Der FC Hansa kann einfach keine ruhige Saison absolvieren. Zwischenzeitlich 13 Partien ohne Sieg

svz.de von
erstellt am 21.Dez.2015 | 18:48 Uhr

Eine ruhige Saison im Mittelfeld der Tabelle wollte der Fußball-Drittligist FC Hansa Rostock eigentlich absolvieren. Doch gemessen am bisherigen Saisonverlauf bis zur Winterpause war erneut das Gegenteil der Fall.

Der Start in die Serie 2015/16 verlief eigentlich noch verheißungsvoll.
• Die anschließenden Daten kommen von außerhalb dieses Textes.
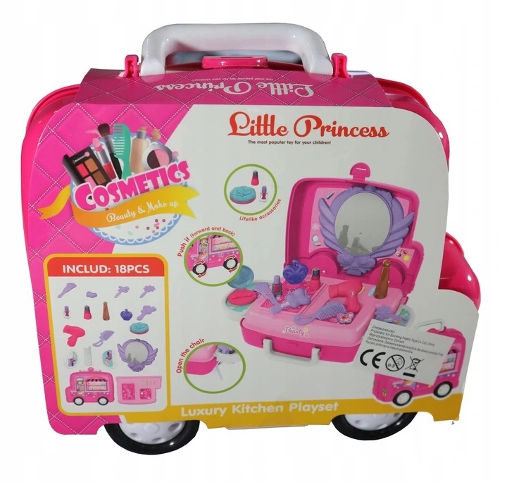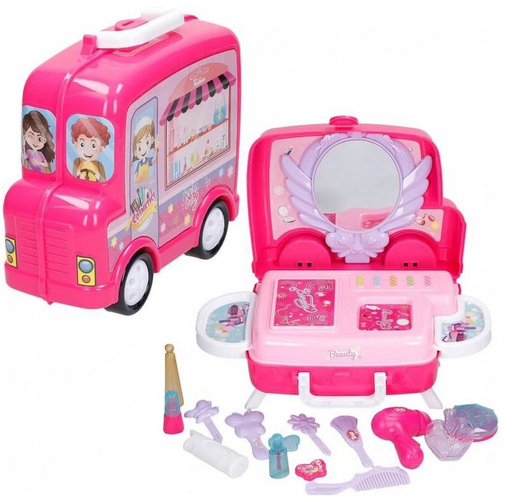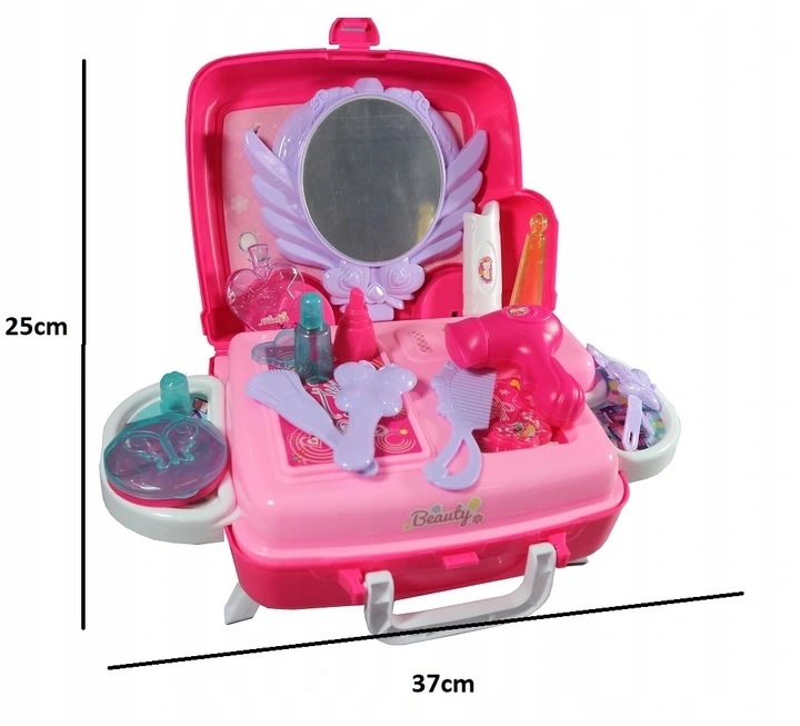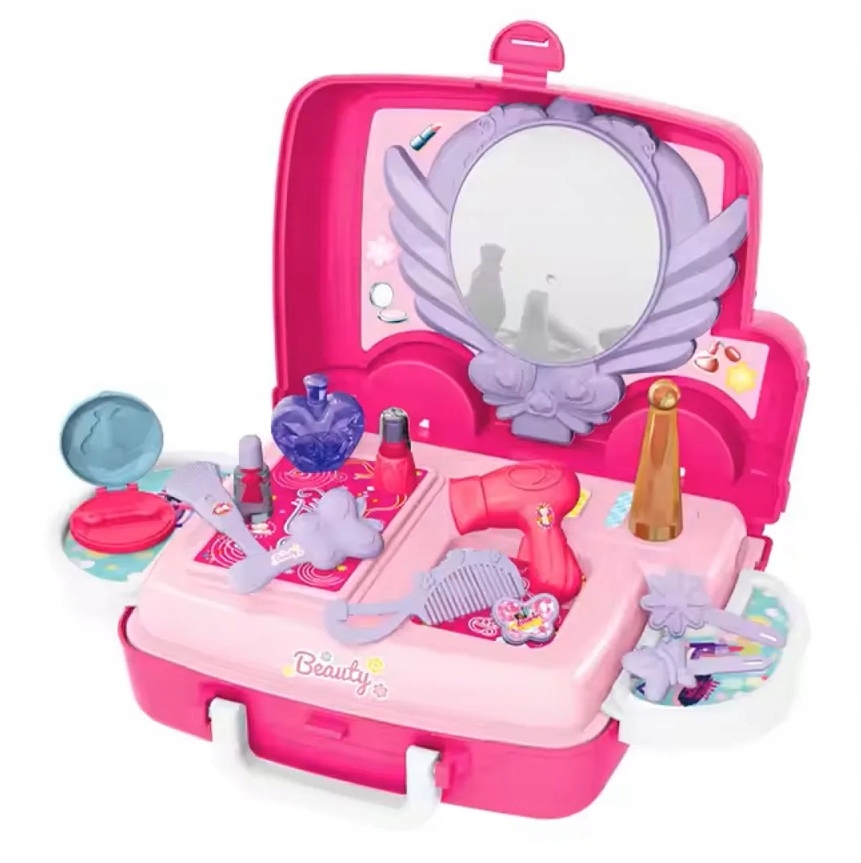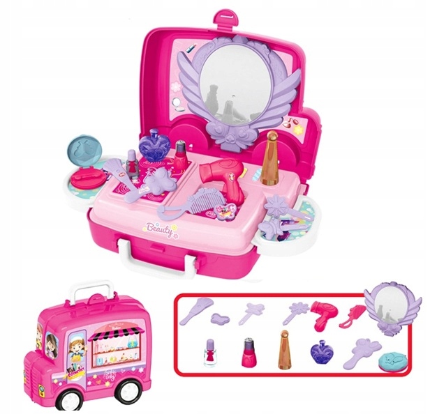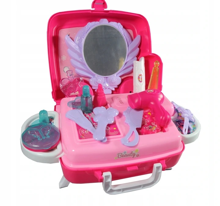 Рожевий туалетний столик на коліщатках, сповнений сюрпризів, подарує кожній дівчині незабутні моменти захопливого веселощів. Відтепер гра в косметолога буде супроводжувати її, куди вона забажає. У цю, здавалося б, маленьку валізу вміщується все необхідне в салоні краси: фен, щітка і гребінець, лак для нігтів, духи, губна помада і компактна пудра. Важко повірити, але весь набір складається з 20 елементів.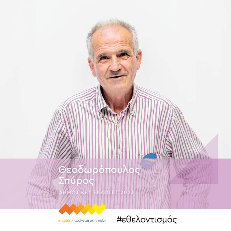 Ο Σπύρος Θεοδωρόπουλος γεννήθηκε το 1960 στην Πάτρα και κατοικεί στο Άνω Καστρίτσι. Φοίτησε σε σχολή του ΟΑΕΔ Πάτρας με την ειδικότητα του ηλεκτροσυγκολλητή και εργάστηκε σε ιδιωτικές εταιρίες, στο έργο της γέφυρας Ρίου – Αντιρρίου, αλλά και στην Αρχαιολογική Υπηρεσία.
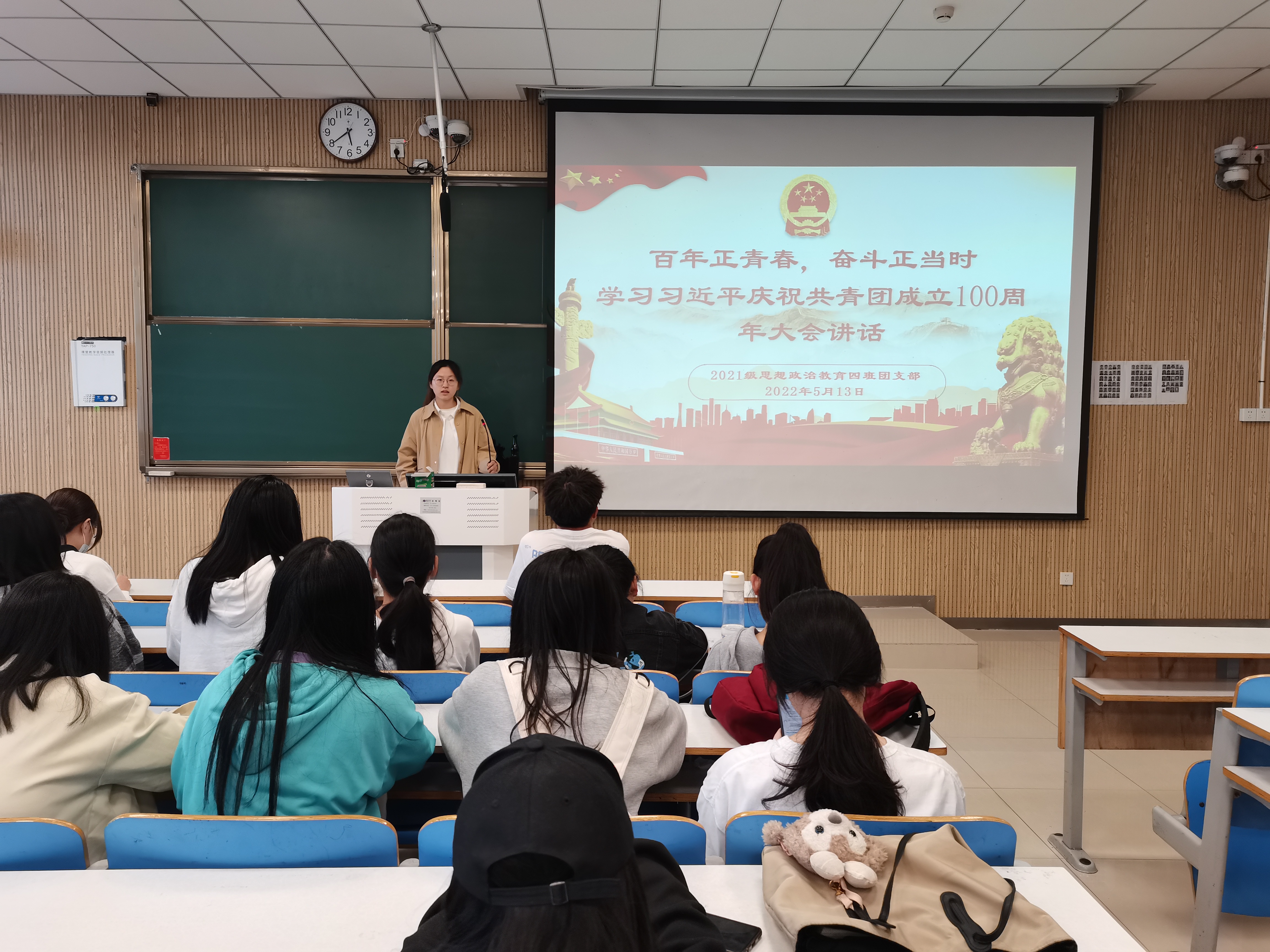 5月13日下午,pp电子官方网站2021级思想政治教育四班在社科楼515教室开展“学习习近平庆祝共青团成立100周年大会讲话”团支部大会。2021级思想政治教育四班全体团员共同参会。会议由团支书刘珂含主持。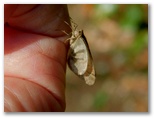 2023年1月25日(水) ◆今朝は10年に一度の寒波襲来だとか。でも日中は穏やかに晴れた。午後は消防設備点検が予定されていたので、短い空き時間での探索となった。◆三保平の木の幹で、小さな蛾が風に吹かれていた。翅がうす紙のように柔らかいようで、飛べない。翅の表が一瞬見えて、ホソバフユシャクと判明した。◆谷道でシモフリトゲエダシャク♀を見つけた。一目でそうと判る大きなメスだ。これが今日の一押し。◆三保平のトイレは清掃中だった。清掃後に行ったら、何もいなかった。◆クサカゲロウ2種。名前が間違っていたら、ご教示願います。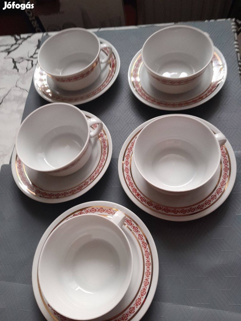 Alföldi porcelángyár által még a szocialista időkben gyártott teáskészlet, hibátlan 5 db csésze és 6 db tányér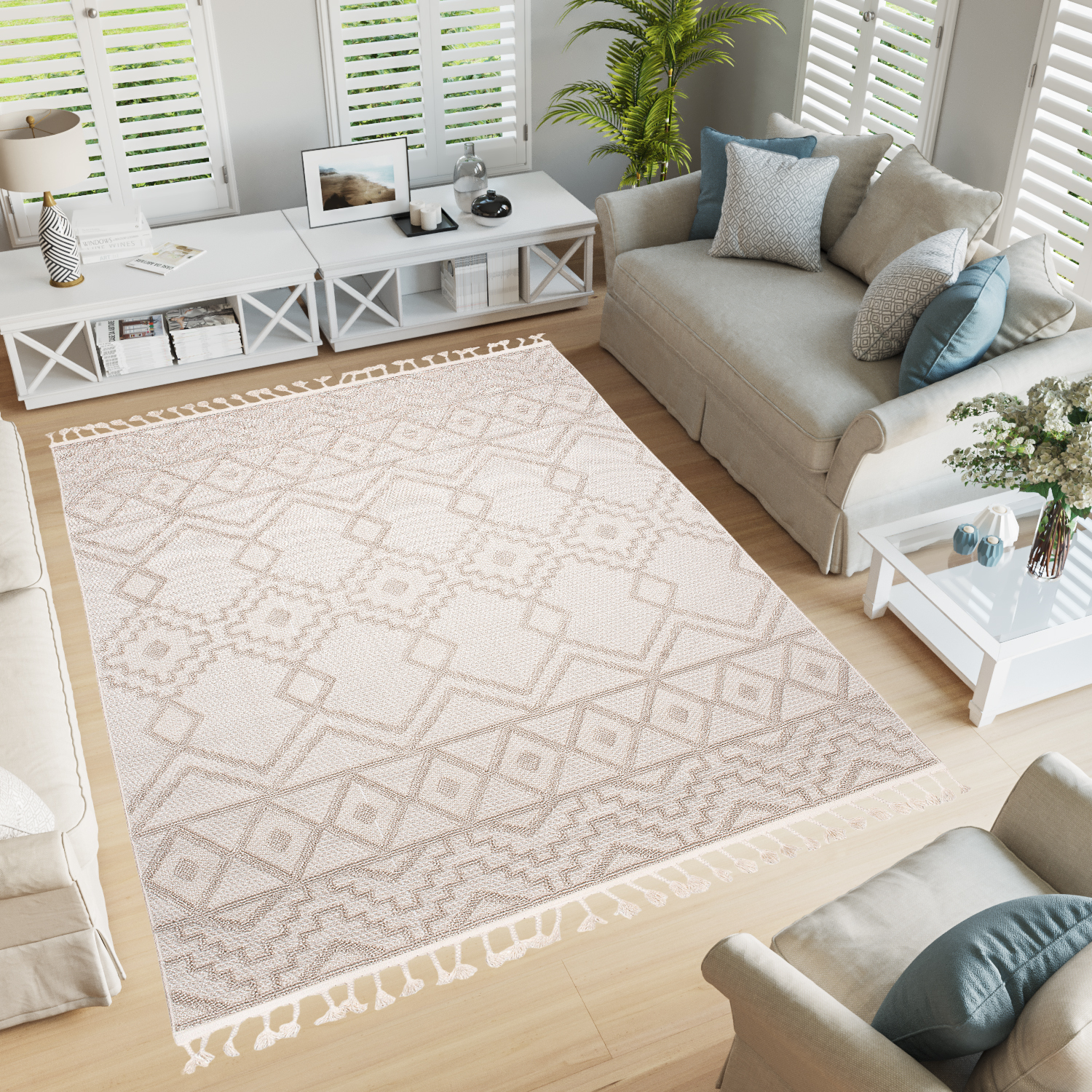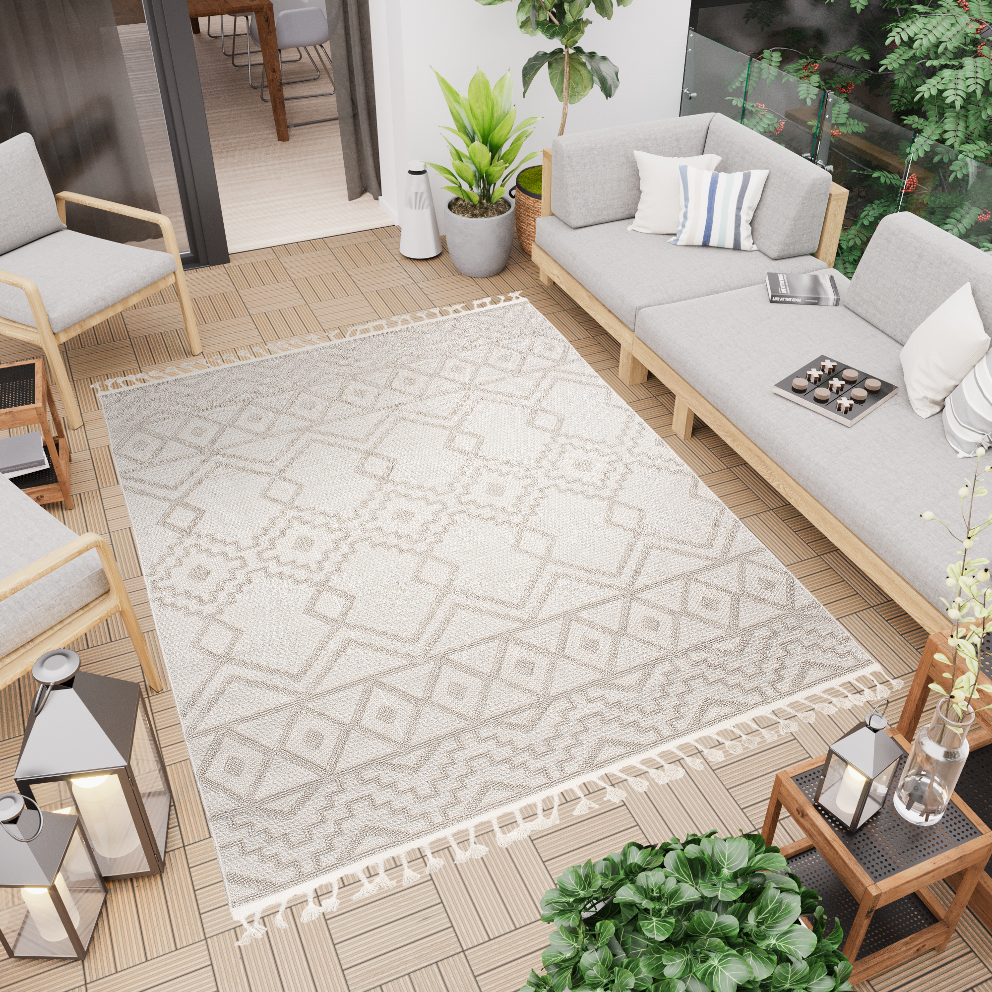 Dywan TimberIndoor Outdoor Beżowy Marokański z Frędzlami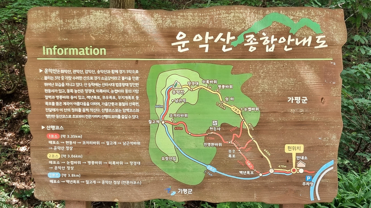 그러다가 어느 정도 숙련이 된다면 가평이나 포천 코스로 가서 1코스와 2코스를 다 이용해 본다면 운악산의 멋진 특색과 풍경을 감상할 수 있을 것이다.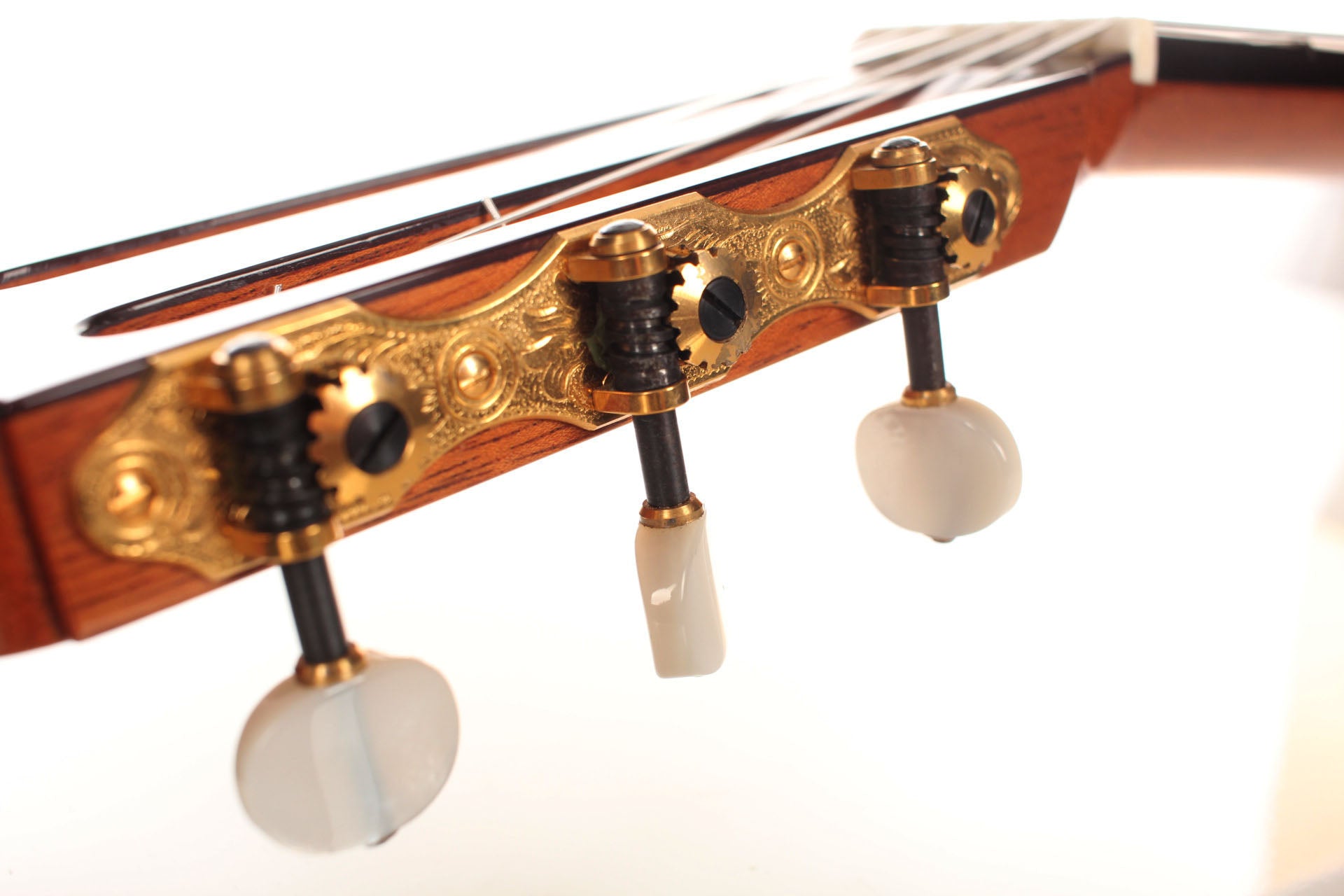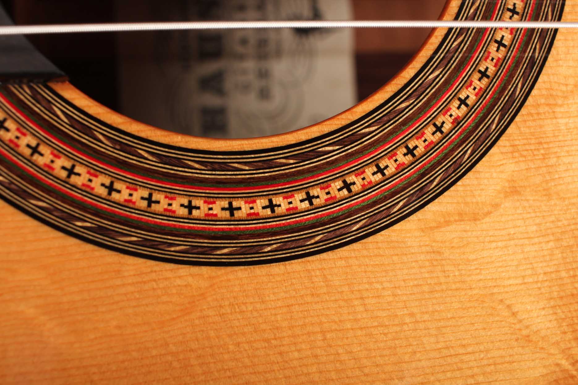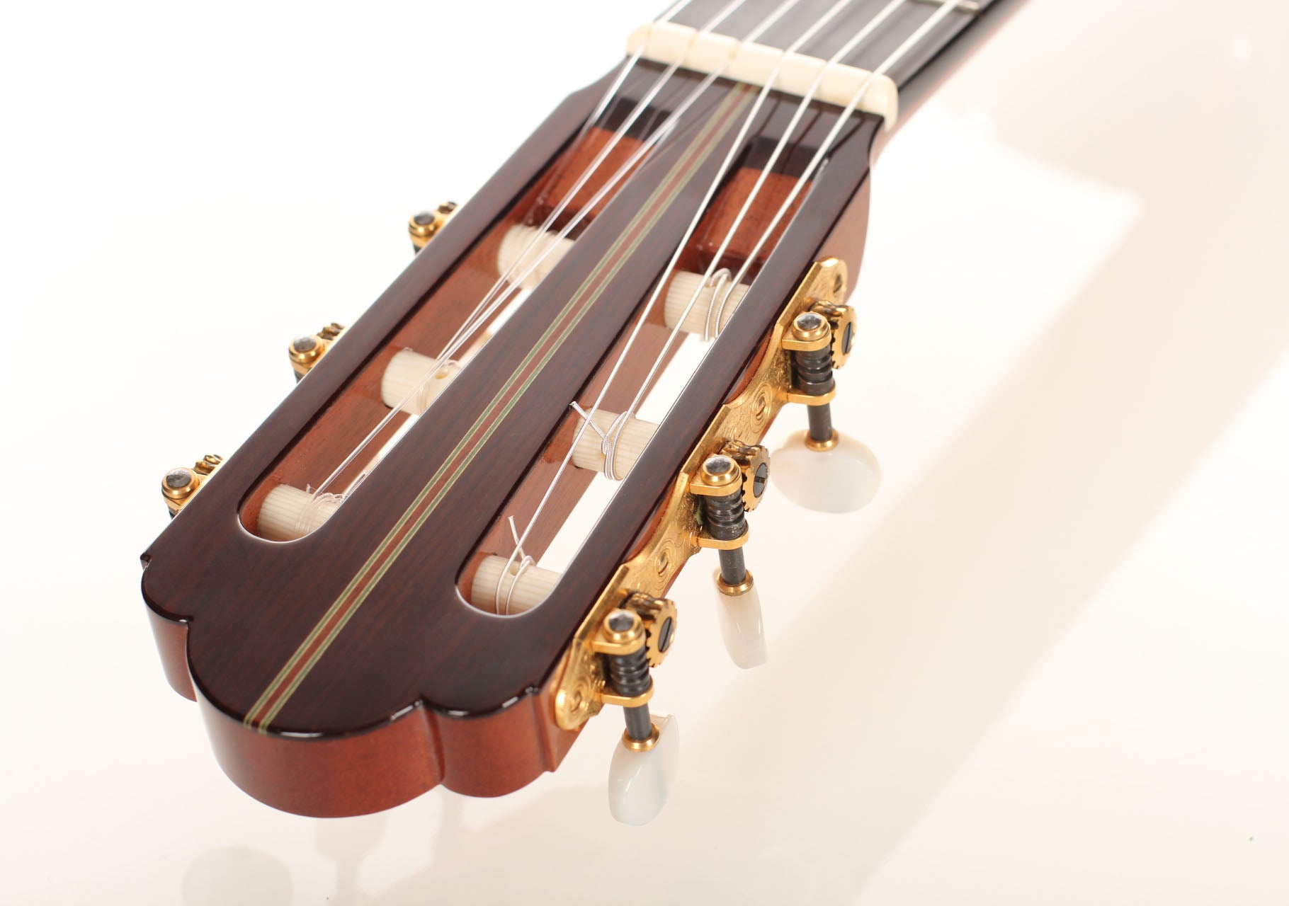 Dieses Segovia Modell von 2010 ist ein wahres Schmuckstück mit auffällig schöner Haselfichten-Decke und Boden und Zargen aus großartigem rötlichen Palisander. Die Bauform ist traditionell und hat eine sieben-Fächer-Beleistung. Das grüne, von Palisander eingerahmte Binding und die entsprechende Verzierung der Kopfplatte bilden einen komplementären Kontrast zu den roten Einlagen in der Rosette. Klanglich überzeugt sie uns durch ihre Ausgeglichenheit zwischen warmen Mitten, kräftigen Bässen und süßen Höhen. Der Zustand kann als exzellent bezeichnet werden. Die Mechaniken sind von Reischl. Ein Hartschalenkoffer ist inklusive.

Dem verpatzten Auftakt gegen Werder Bremen II (1:2) folgten ein Remis in Chemnitz (1:1) sowie zwei Siege gegen Fortuna Köln (4:2) und in Osnabrück (1:0). Hansa war Vierter und in Schlagdistanz zu den Aufstiegsrängen. Zwei Siege in Serie gab es seitdem jedoch nicht mehr, mehr als ein Tor in einem Spiel nur noch bei der 2:3-Pleite in Erfurt (17. Runde).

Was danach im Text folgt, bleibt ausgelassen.